И там, в нашей излучине, у нашего стога, мы с ней провели три дня. Утрами она убегала в деревню, как-то улаживала свои практикантские дела, приносила от хозяйки, у которой они квартировали, или из магазинчика какую-нибудь еду – а дальше время было наше. И погода была в самый раз по нас, теплая даже ночами. Мы блуждали по лугам и над рекой – и целовались, купались, разговаривали, пели песни (оказалось, что нам нравятся одни и те же) – и целовались; ночью я показывал ей, где какие звезды, или рассказывал смешное – она смеялась благодарно, терлась лицом о плечо или грудь… и мы опять целовались. Я не великий знаток женщин, не много у меня их было; но она была – как родниковая вода.
Но на третий день я заскучал… не заскучал, если честно-то, забеспокоился: не может все далее у нас продолжаться просто так, надо что-то решать… а я не был готов решать. И сказал ей, что мне пора, в понедельник-де на работу (это была неправда). Она проводила меня до автобуса, держала мою руку, пренебрегая взглядами деревенских теток и подруг по группе, прижималась к ней лицом и все повторяла: «Напиши мне… напиши!»

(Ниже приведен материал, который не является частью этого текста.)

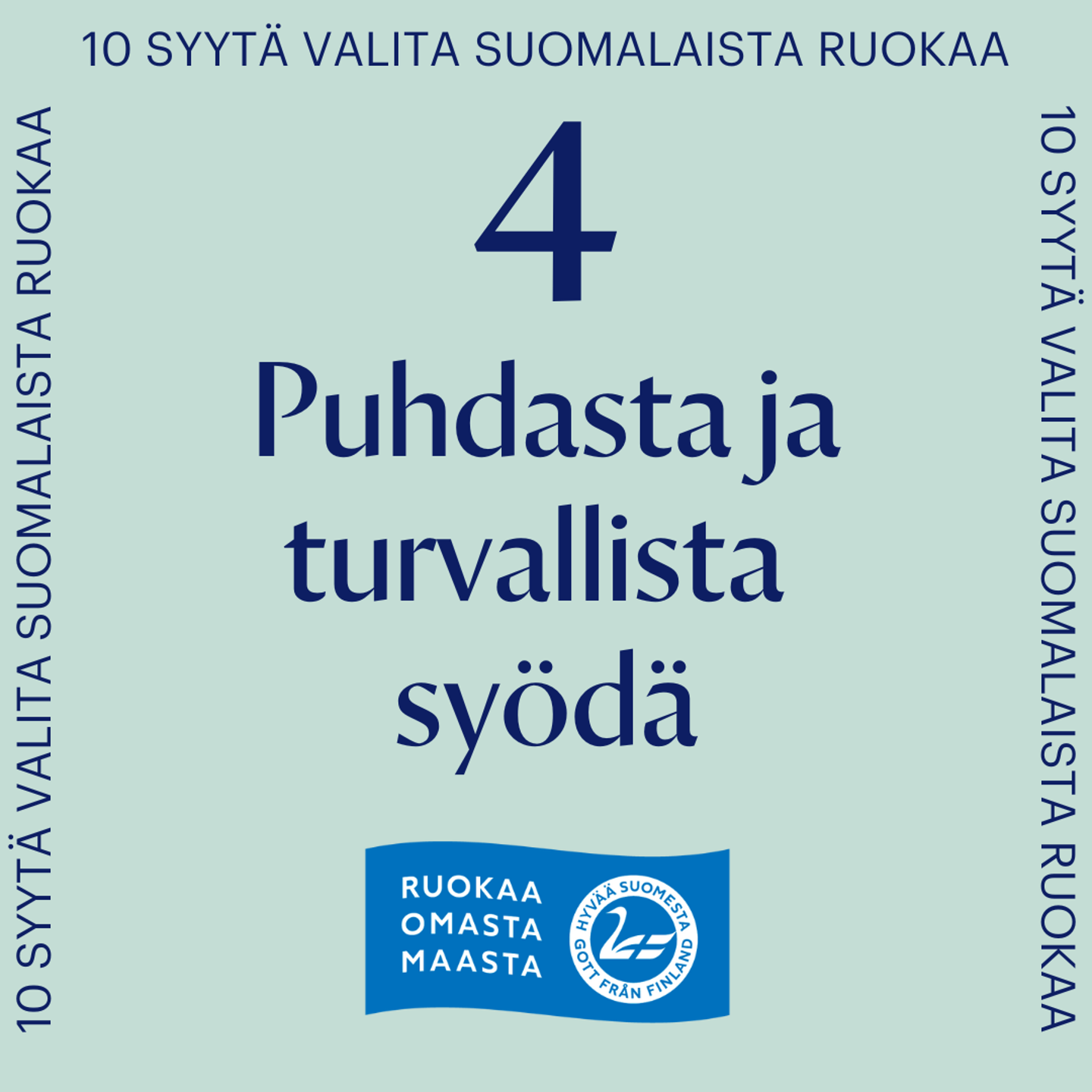 Suomalaisen ruoan puhtauden perusta ovat maamme puhdas vesi, ilma ja maaperä. Turvallisen ruoan avain on kuitenkin ruokaketjun ammattilaisten osaaminen ja tinkimätön työ. Tästä osoituksena esimerkiksi salmonella ja monet eläinten sairaudet on saatu kitkettyä ruokaketjussamme lähes olemattomiin. Eläimiä ei myöskään lääkitä
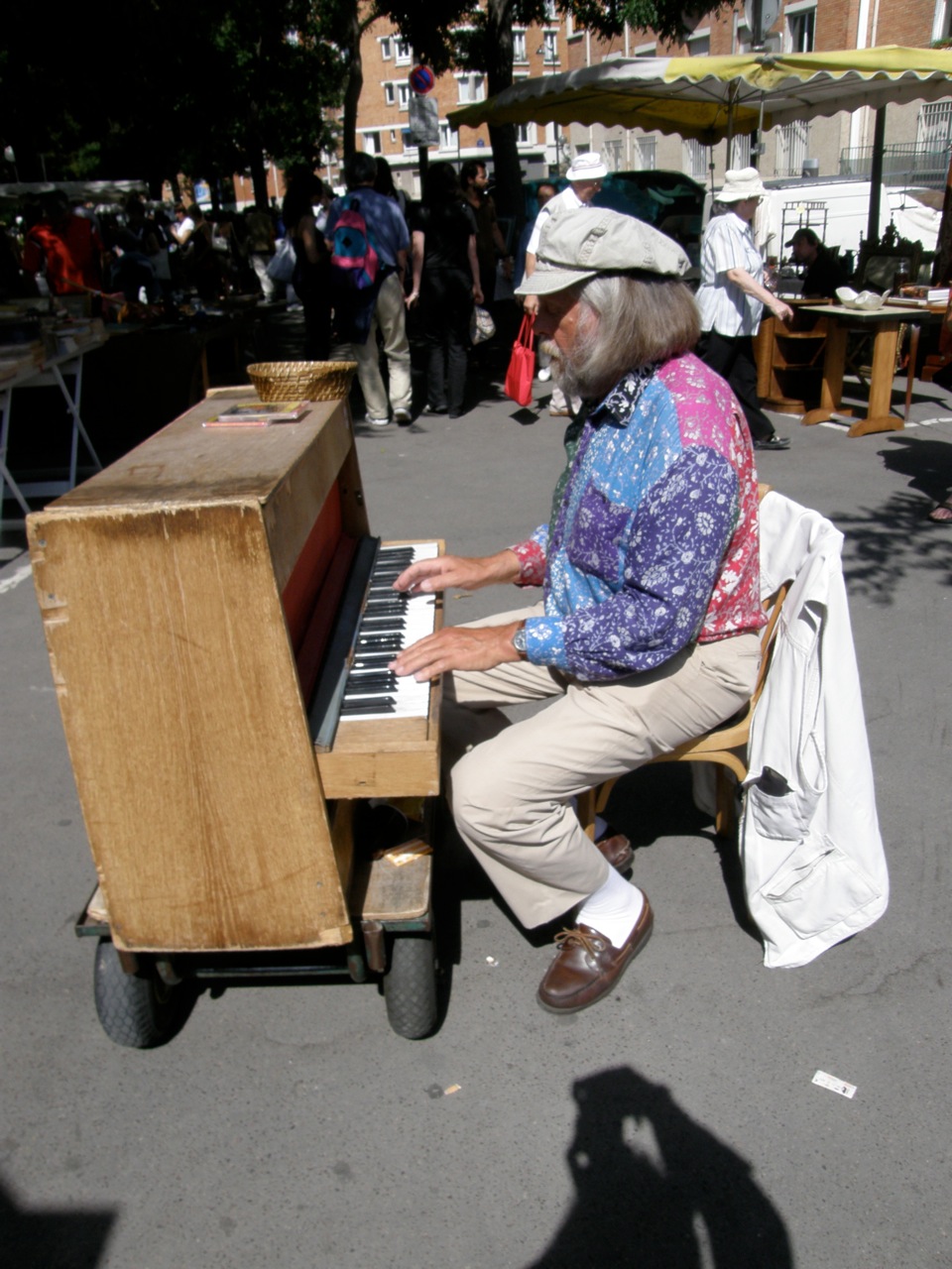 I am listening to Roland Godard et Son Piano à Tout Faire. That morning I could hear him playing his portable piano as I examined the Tir de Salon. With my jumbled but enthusiastic French, I chatted to the stall owner and we soon had a small crowd around the booth listening to tales of Buffalo Bill, Indians, horses, and Wild West encampments at Neuilly. The vendor even offered to reduce the price, but at some point he knew I was not going to buy it. Then the moment of truth. To my “Monsieur, est-ce-que je peux prend un photographie?” he countered with “Dix Euros, Monsieur.” I responded, “Ah Monsieur, c’est trop. Soyez gentil.” He motioned favourably.

Я обещал… и не написал. Удержало соображение, которое часто посещает мужчин после того, как они «добьются своего»: уж больно легко она мне поддалась. Мне поддалась – и другому так поддастся. Да и вообще она не очень соответствовала образу «девушки моей мечты», который маячил в моей интеллигентной душе. Тем все и кончилось. А сейчас и не начнется…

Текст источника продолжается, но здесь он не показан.